Visitation is Monday, February 27th from 5pm to 8pm at Byrn Funeral Home in Mayfield, Kentucky. Funeral services are in the same location at 10am on Tuesday, February 28th. Instead of flowers, please consider donating to the American Cancer Society in honor of Jone Reeves.
I’ll miss you mom. Your family will be forever thankful for the deep love you shared with us. I know the kids are crushed. They miss you so very much.
I so feel all of your pain. A precious life lost to cancer & illness is really awful & words can’t describe the sorrow I feel for your family. May God’s comfort, peace and strength get each of you through this time. Cherish the beautiful memories…they never go away.
Hugs to all,
Duong
i’m so sorry. cancer does, indeed, suck very much. *hugs*
Jen, I’m so sorry to hear about your family’s loss. You’re so good about writing and blogging that you’ve maybe already done something similar, but when my mom’s parents died (I was 13), she wrote down all kinds of stories about her parents while they were fresh in her head. She gave them to me a few years ago, and I really treasure the time she took to preserve those memories. I know that Jordan and Cameron will feel the same way someday about entries like this one.
Thoughts are with you, Randy and the kids.
Jen, I’m so sorry for your loss. I know your children will always cherish their memories of having a wonderful grandmother like Jone. May God comfort you and bless you during this difficult time. You’ll be in my prayers.
I am so sorry for the loss of a very special lady. One day I stopped my there to leave some homemade pimento cheese for Charles . Jone and I were talking and she was telling me all about her grandkids. Our prayers are with ya
Again, tears… this time at work. My heart is breaking for your family.
I’m so sorry for your family’s loss. It hurts to lose such a wonderful grandma. But, the cherished memories will never fade. God Bless you and your family….We will pray for strength for you all.
Hey Jen,
Like the tech guru you personally taught me to be, I have already reached out to you on FourSquare and Facebook. I also wanted to leave you a note on your blog, because I care.
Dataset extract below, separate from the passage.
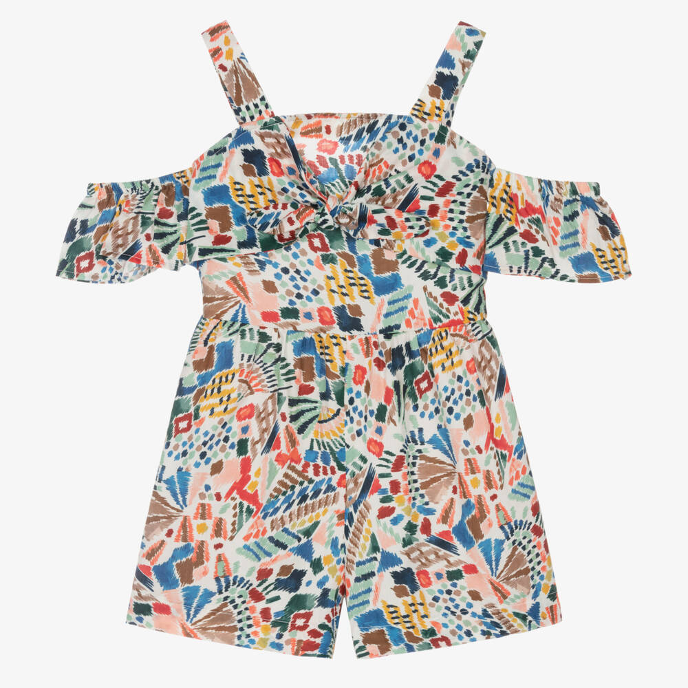 Colourful abstract print playsuit for girls by Mayoral, made in soft and lightweight cotton with a lovely silky feel. It has elasticated off-the shoulder sleeves, shoulder straps and a pretty tie detail on the bodice. It is gathered at the waist to create comfortable relaxed fitting shorts and fastens with a concealed zip on the back.
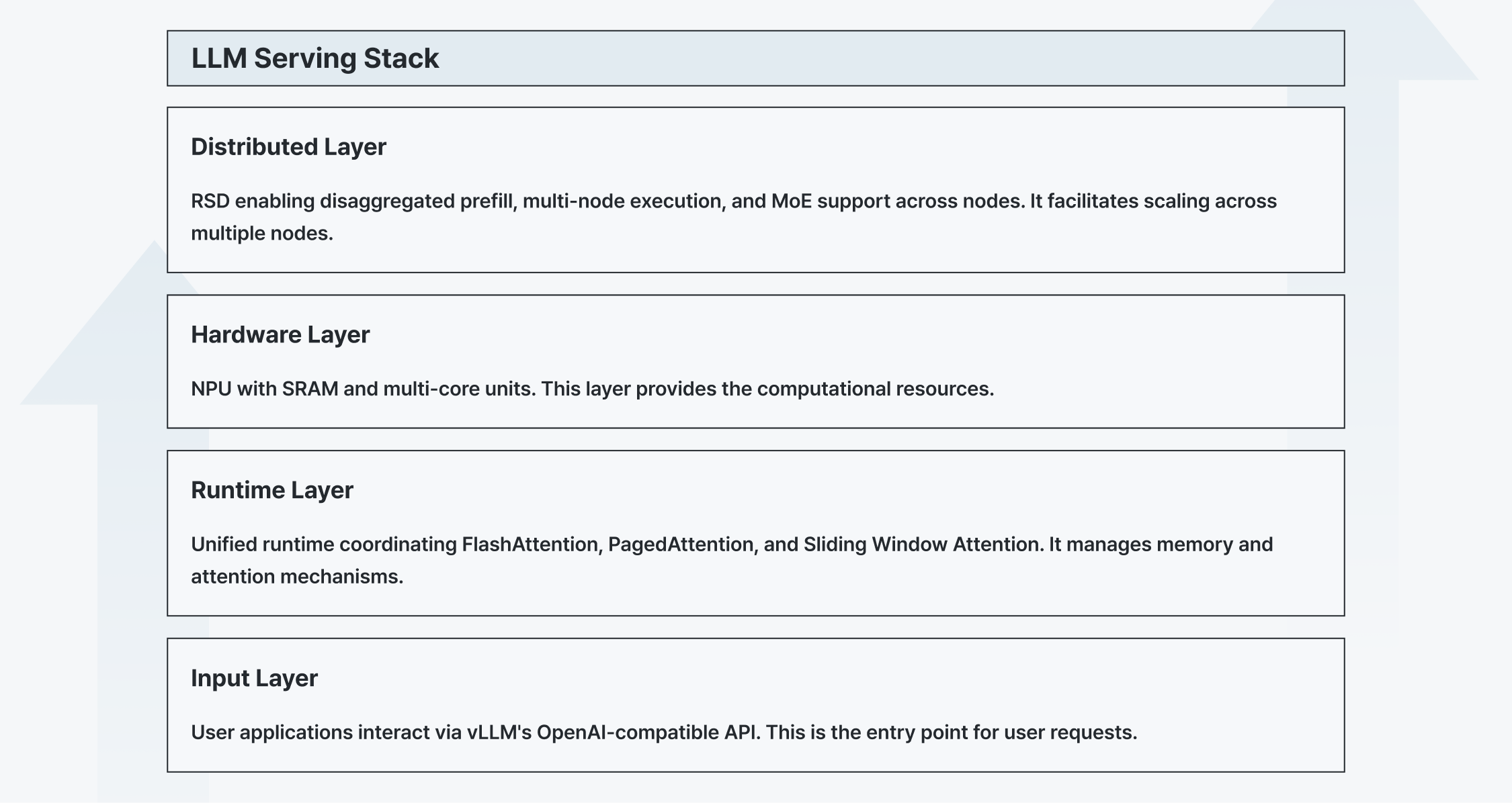 Modern LLMs rely on advanced attention mechanisms such as FlashAttention, PagedAttention, and Sliding Window Attention to achieve high throughput, low latency, and long context support. Frameworks like vLLM abstract these mechanisms for GPU-based serving, leveraging CUDA for fast memory access and parallel computation. However, reliance on GPUs increases power and costs, limiting portability to other architectures such as NPUs.

Your post was both so moving and touching. I never had the immense pleasure of meeting Mz. Jone, but your post did her justice. I now know she was a sweet, wonderful lady, always trying to keep up with the tech-savvy other Mrs. Reeves. What a character, she sounded so loving and genuine. I am so glad she was in your lives. I will be thinking about your family today.
–Christine
Sincere sympathy. Recently my mother passed. Nothing like that loss.
Also sorry I could not do a meet-up with at SXSW – I am just 50 mi so in SA.